O pelourinho, entretanto, havia sido demolido muitos anos antes. Ao que tudo indica, segundo o historiador Rocha Pombo, o pelourinho foi demolido às vésperas da Independência do Paraná, em 1853, num período em que o passado colonial já era mal visto — e que o próprio pelourinho já não era mais utilizado.


Memória do pelourinho em Curitiba


Quando se fala em Pelourinho, muitos podem achar que ele existia apenas no Nordeste, em cidades como Salvador, e que não era coisa de cidades do Sul do Brasil, como o caso de Curitiba. Isso, no entanto, não é verdade. Mas não é por acaso que essa seja a impressão para muitas pessoas. Pelo contrário, existem muitas explicações pra isso, e talvez uma das principais seja a memória.


Tomemos como exemplo a cidade já citada e que possui o pelourinho mais famoso do Brasil, que virou até nome de bairro - Salvador. Na lista de quase todos que visitam a capital baiana, o Pelourinho aparece como um dos destinos principais, se não o principal. Quando tratamos do de Curitiba, no entanto, muitos passam pela cidade sem nem saber que existiu ali também um pelourinho.


Parte disso se deve à não preocupação do poder público, já na época imperial, em fazer referência explícita ao fato de que ali estava o antigo pelourinho da cidade de Curitiba. Até hoje, o passado colonial, a existência da escravidão e de práticas de violência pelo estado parecem ser um tabu para memória oficial de Curitiba, que trata de apagá-los.


Há, é verdade, como já citado, uma pedra com um placa comemorativa com a informação de que ali havia o pelourinho de Curitiba, instalada em 1968. No entanto, poucas pessoas param para ler a placa, e ela chama menos atenção do que poderia chamar uma réplica do pelourinho, o próprio pelourinho preservado, ou o nome da praça levar o nome de Pelourinho.

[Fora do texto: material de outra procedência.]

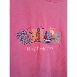 Vintage Women's Bayfield Wisconsin Pink Embroidered Summer Sz L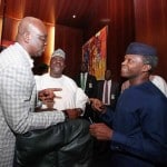 R-L: Vice President Yemi Osinbajo and the Director-General, Nigerian Maritime Administration and Safety Agency (NIMASA), Dr. Dakuku Peterside, welcoming the ...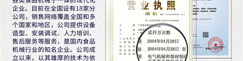 廣州旭眾食品機(jī)械有限公司是一家集科研開發(fā),生產(chǎn)設(shè)計(jì),營銷服務(wù)為一體的現(xiàn)代化生產(chǎn)企業(yè)?,F(xiàn)代化生產(chǎn)車間,精湛制造技術(shù),所產(chǎn)機(jī)械歷經(jīng)市場重重考驗(yàn),不斷贏得海內(nèi)外客戶的贊譽(yù)。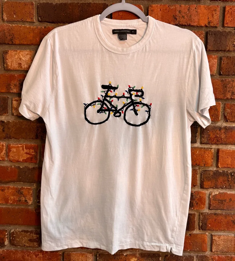 French Connection womens Christmas Holiday bicycle lights short sleeve t-shirt white M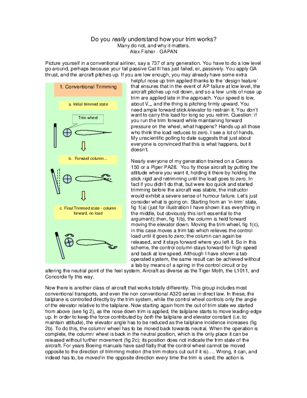 A paper written by Captain Alex Fisher for GAPAN. The paper was presented at the Go-Around Safety Forum (GASF) in Brussels in 2013. The paper focuses on the use of trim in the go-around. All footnote references in this article have been updated and/or amended since submission by the author to enhance their access or relevance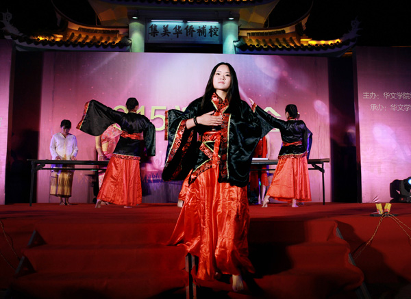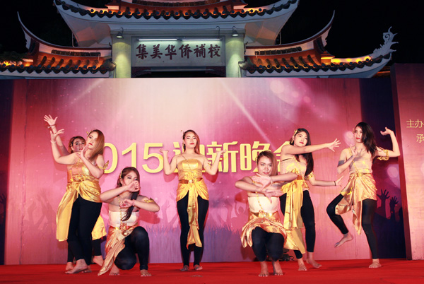 晚会节目异彩纷呈。舞蹈《神秘老挝》将观众们带入了老挝这个神秘国度,由菲律宾留学生带来的现代舞蹈《新时代》展现了菲律宾学生动感活泼的一面。来自学院主持人队的朗诵《岁月长流》情真意切,表达了他们对华文学院深深的爱意和无尽的祝福。安哥拉留学生的一曲《You are beautiful》深情款款,让观众们听得如痴如醉。泰国留学生的舞蹈《My ree》更是让大家感受到了浓浓的东南亚风情。紧接着院艺术团带来的综合节目《礼仪之邦》将传统歌舞、书画艺术结合,随歌而舞,伴乐而书,展现了浓郁的中国风。穿插在晚会中间的小游戏“爱的抱抱”使观众们可以上台互动,将晚会推向了高潮。院艺术团的歌曲串烧《曾经的你》《爱你在心口难开》别具一番风味。蒙古留学生带来的舞蹈《Mogolian mix》凭借其精彩的表演获得场内阵阵掌声。印尼留学生的《梭罗河》别具异国风情。最后由院啦啦队和预科部同学带来的街舞表演为此次晚会画上了圆满句号。

Em vez de usar o espaço para lembrar de que existiu escravidão em Curitiba, que pessoas negras escravizadas foram ali açoitadas e humilhadas em praça pública, foi decidido, após a abertura daquele pequeno espaço entre a Praça Tiradentes e a Generoso Marques, que ele levaria o nome de um político de uma família tradicional.


Atualmente, há somente duas referências ao pelourinho de Curitiba: as Arcadas do Pelourinho, um espaço criado na década de 1990 que fica na Praça Borges de Macedo — onde atualmente funciona o Mercado das Flores; e a obra de Sérgio Ferro, pintada no teto do Memorial de Curitiba.


Com esses apontamentos, não estamos diminuindo a importância de Borges de Macedo e da praça em sua homenagem para a cidade de Curitiba. Somente estamos indicando que existem outras possibilidades de homenageá-lo, como em outras praças ou ruas, sem fazer com que o antigo Pelourinho —  símbolo de uma época e de um Brasil —  seja esquecido.